#### [ACTIVITY]
Apart from the pictures, return every line of the listing exactly.

#### [COLLECTED DATA]
- - - - - - -
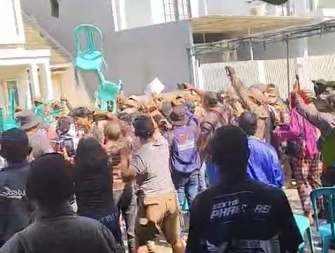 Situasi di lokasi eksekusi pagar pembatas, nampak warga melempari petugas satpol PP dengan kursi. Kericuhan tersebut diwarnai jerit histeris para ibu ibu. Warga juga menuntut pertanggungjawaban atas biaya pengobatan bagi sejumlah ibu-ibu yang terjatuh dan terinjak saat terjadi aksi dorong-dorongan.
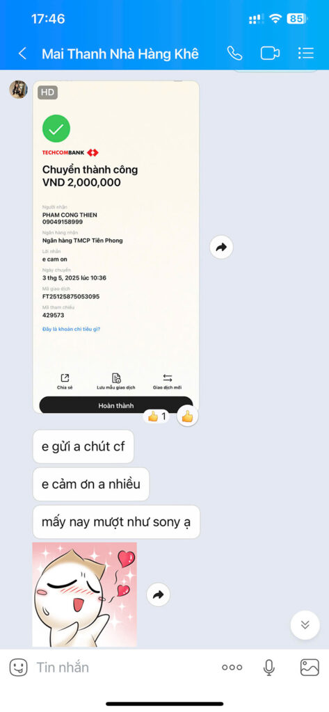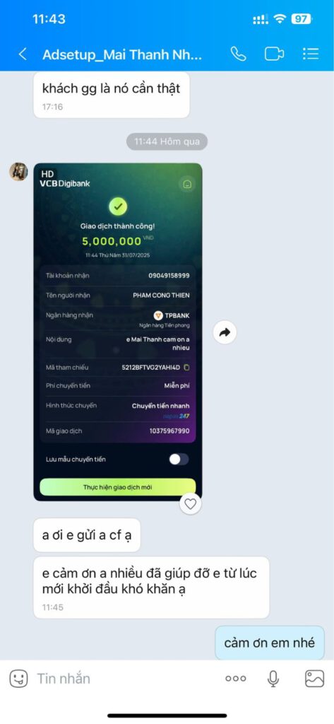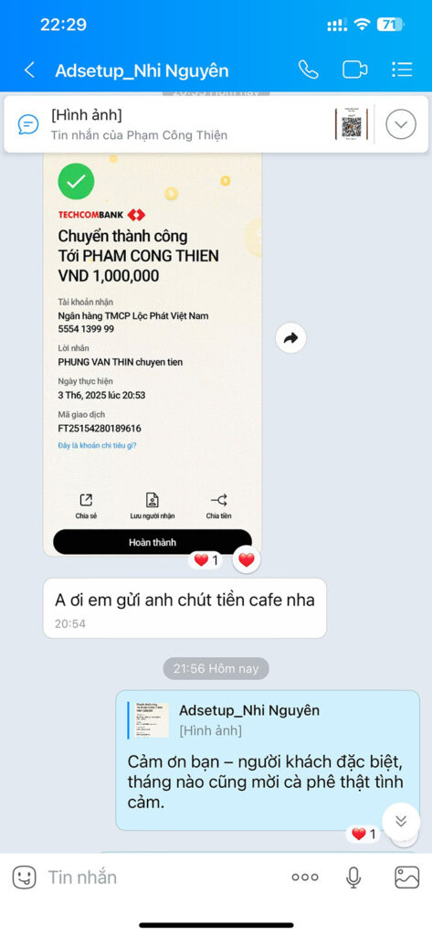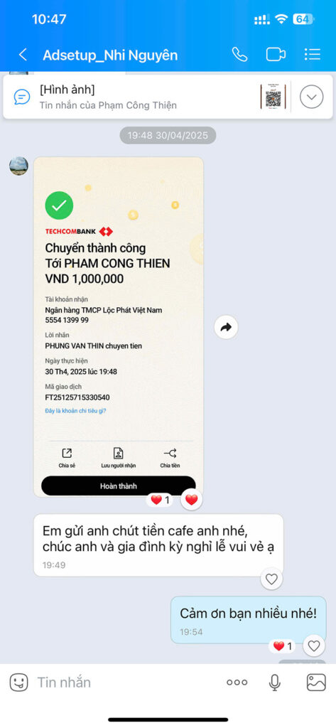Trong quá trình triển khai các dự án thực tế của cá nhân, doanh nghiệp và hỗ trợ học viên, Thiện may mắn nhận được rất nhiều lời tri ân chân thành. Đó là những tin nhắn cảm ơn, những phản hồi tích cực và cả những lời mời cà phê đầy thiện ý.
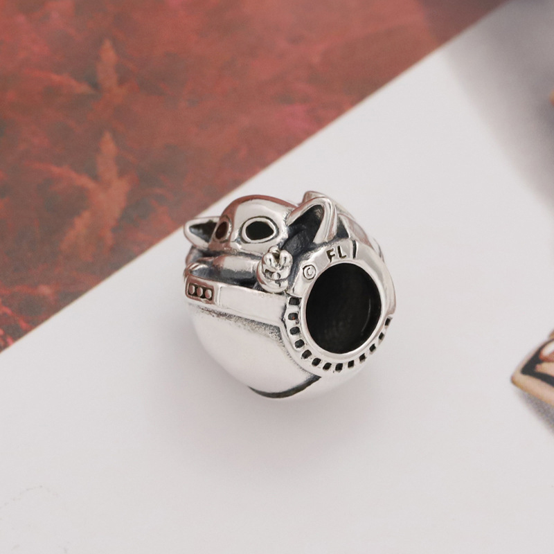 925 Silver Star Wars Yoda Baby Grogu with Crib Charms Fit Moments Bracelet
- - - - - - -
#### [TASK SOLUTION]
 Situasi di lokasi eksekusi pagar pembatas, nampak warga melempari petugas satpol PP dengan kursi. Kericuhan tersebut diwarnai jerit histeris para ibu ibu. Warga juga menuntut pertanggungjawaban atas biaya pengobatan bagi sejumlah ibu-ibu yang terjatuh dan terinjak saat terjadi aksi dorong-dorongan.
Trong quá trình triển khai các dự án thực tế của cá nhân, doanh nghiệp và hỗ trợ học viên, Thiện may mắn nhận được rất nhiều lời tri ân chân thành. Đó là những tin nhắn cảm ơn, những phản hồi tích cực và cả những lời mời cà phê đầy thiện ý.
 925 Silver Star Wars Yoda Baby Grogu with Crib Charms Fit Moments Bracelet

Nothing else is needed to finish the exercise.